Calculate PubMLST sequence types using Python

March 29 2024

Background

PubMLST, or Public databases for Molecular Typing and Microbial Genome Diversity, is a web-based platform that provides access to databases of microbial genetic sequences. It is primarily used for microbial typing, strain comparison, and epidemiological studies. The primary purpose of PubMLST is to facilitate the standardization and sharing of microbial sequence data. The databases hosted by PubMLST typically include sequence types (STs), allelic profiles, and sometimes additional metadata for each strain. Users can query the databases, submit their own sequences for analysis, and access tools for phylogenetic analysis, sequence alignment, and other analyses relevant to microbial genomics. Each species has it’s own database.

If you have whole genome sequences you can use pubMLST data to calculate sequence types locally. You might want to do this to avoid having to upload many sequences to the database. This is accomplished below using some Python code. The species Mycoplasma bovis is used in the example but it should work for any species database.

ST and allelic profile

Briefly MLST works by recording alleles for specific set of conserved loci in the genome. Typically 6 or 7 genes/loci are used. Each species has it’s own custom set of loci. Each allele is given a number in order of discovery and so the allelic profile is just a set of numbers allocated to a strain for each locus. This profile is a proxy for genetic relatedness. PubMLST databases then keep a record of strains and their types, allelic profile.

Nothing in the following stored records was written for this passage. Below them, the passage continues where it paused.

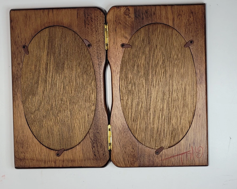 VINTAGE CARVED WOODEN DOUBLE PHOTO FRAME HINGED FITS 3.5 X 6" Photcraft
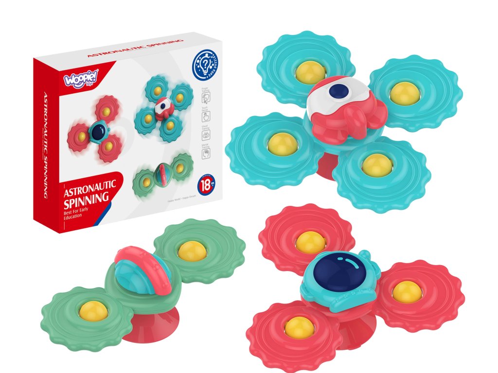 Súprava3 rotujúce hračky typspinner z adresyWOOPIE je interaktívna a farebná hračka pre vaše dieťa. Každá hračka je iná a má zodpovedajúcu2, 3 alebo 4 ramená. Dajú sa pripevniť na hladké povrchy, čo zvyšuje zábavu. Vyrobené zbezpečné materiálymôže vykonávaťfunkcia prerezávania zubov pre vaše dieťa. Vďaka rôznym hrbolčekom a priehlbinám je dokonalestimulovať zmysly a zručnostimotorické zručnosti detí.
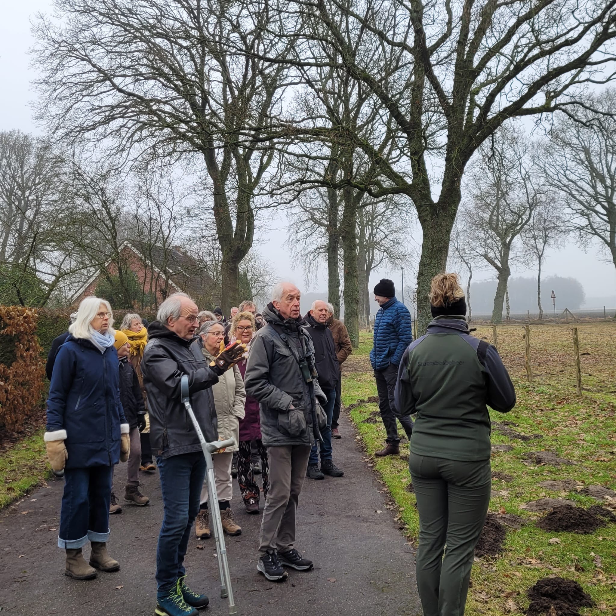 Na alle sneeuw en ijzel van de afgelopen dagen was het er qua weer een prima dagje voor: de jaarlijkse winterwandeling van de Rietvogels en de Kartrekkers. Dat was ook goed te merken aan de opkomst. Er liepen wel 40 tot 50 mensen mee, onder leiding van Henk van den Brink, gids van Nationaal Park Drentsche Aa en voormalig redacteur van hun magazine Doorstroom, en Jolijn Meier, boswachter publiek van Staatbosbeheer, sinds 1 november de opvolger van de ons wel bekende Kees van Son.
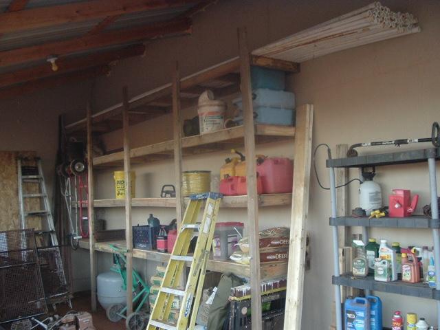 Once the pieces were cut, it's was pretty easy to put them together. I'm using ten foot 2x4's for the posts. That gives me an extra foot of height above the top shelf. The reason for that is it's where I plan to store all my PVC pipe. I have lots of it, but no place to keep it so it's out of the way, out of the weather, but readily accessable when I need it. Now I do.
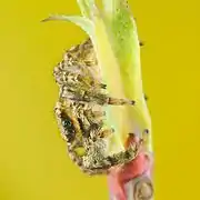 Cette araignée fréquente les arbres et s'abrite dans les anfractuosités des écorces.
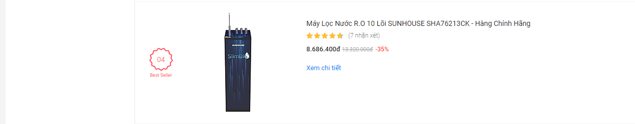 Máy lọc nước SHA76213CK-S lọt top 5 sản phẩm bán chạy trên Tiki
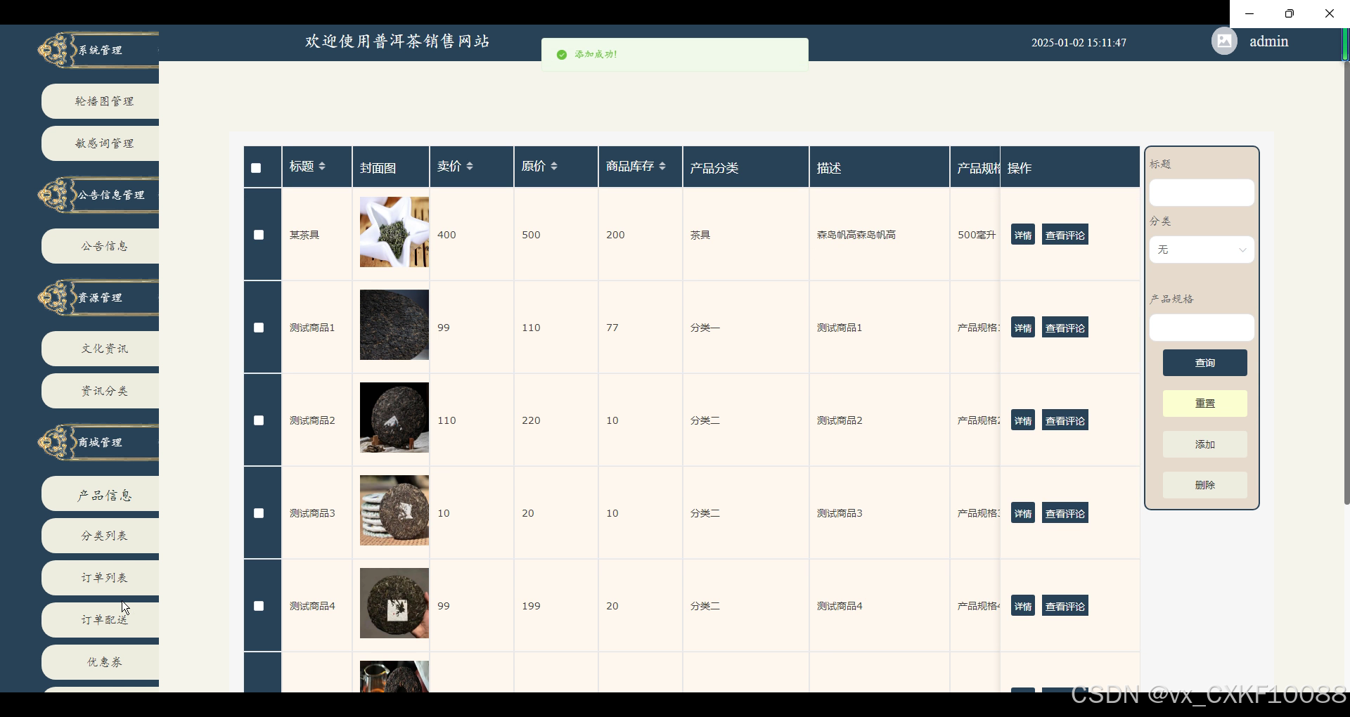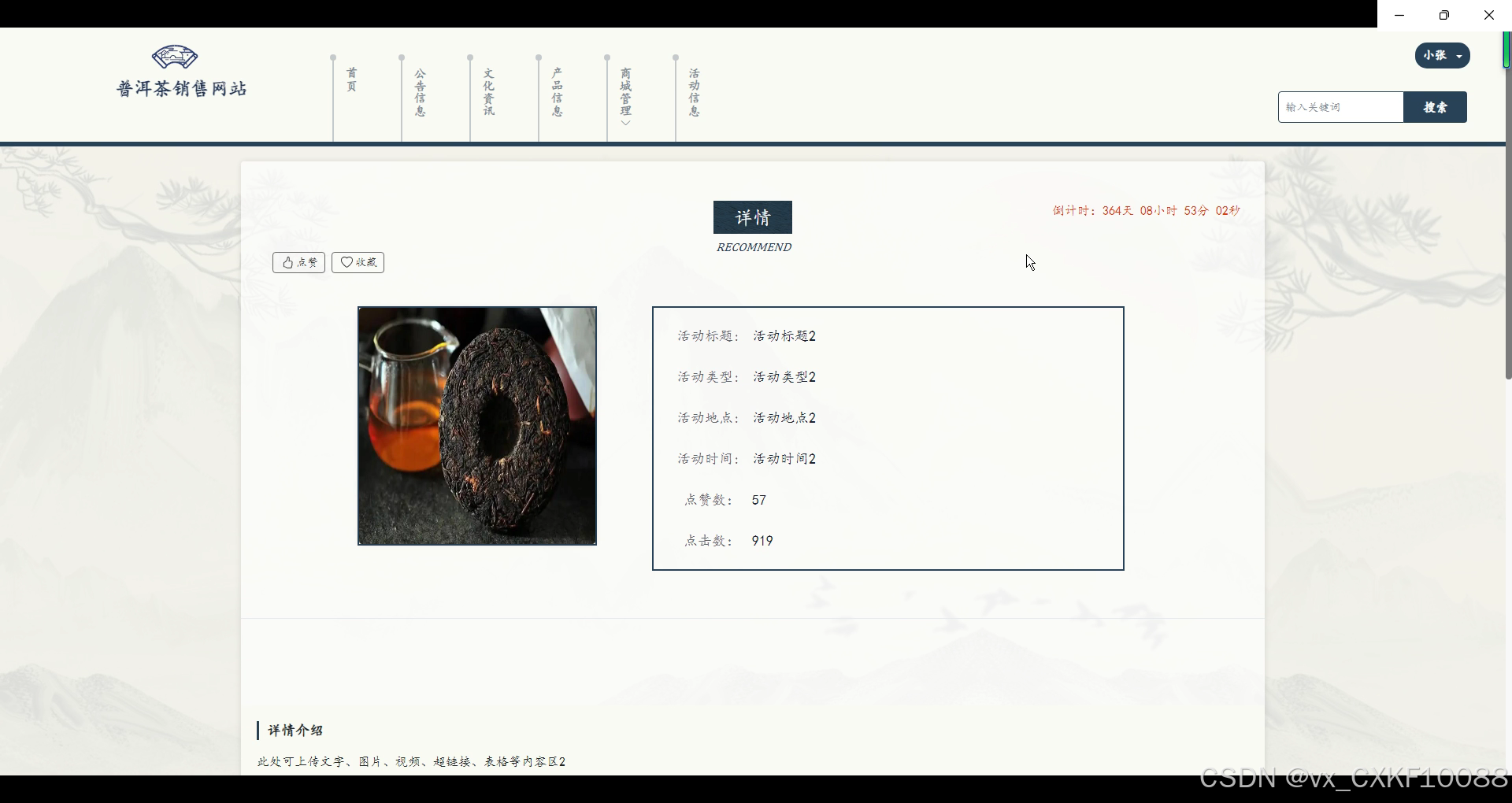 - 文化资讯管理:管理员负责管理普洱茶相关的文化资讯内容,包括编辑、发布和删除相关文章,保持网站文化内容的更新和多样性。
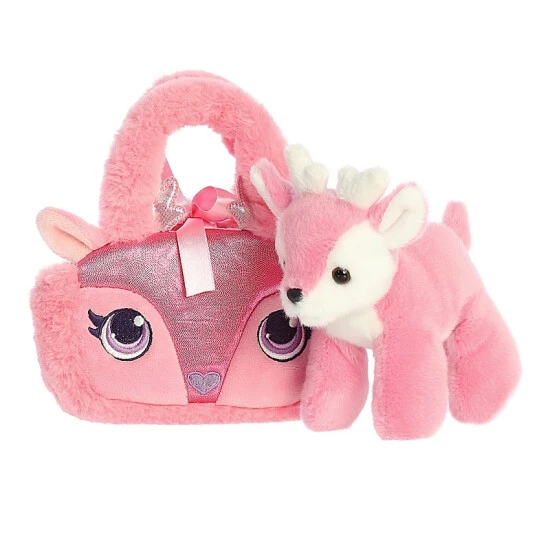 Fancy Pals from Aurora feature carriers with small pets inside! They are available in a wide variety of different styles, and colors that are sure to please anyone! This carrier is a perfect shade of pink for our perfect little pink and white fawn to nestle in. Small and compact, it is perfect for anyone to carry around!

For the example of Mycoplasma bovis there are 7 loci in the scheme, developed by Karen Register (USDA). You can get an idea of what the profiles look like below:

Retrieving profiles and known sequences

PubMLST has a REST interface for web requests. It can be used to download the profiles of already known strains and the sequences for each locus with all the known alleles and ST number.

Retrieve gene sequences of all alleles for each locus at:

https://rest.pubmlst.org/db/pubmlst_mbovis_seqdef/loci/{locus}/alleles_fasta

Retrieve existing profiles:

https://rest.pubmlst.org/db/pubmlst_mbovis_seqdef/schemes/2/profiles_csv

Code

This code just takes the allele sequences of each locus and blasts the assembly to it. Exact matches to an allele are recored. If there’s no hit that allele is not in the database. We then just decode the numbers into an ST using the profiles data make_blast_database and blast_fasta are utility functions in the tools module of the SNiPgenie package. You can download the code for those methods from here or install the package and import them as below.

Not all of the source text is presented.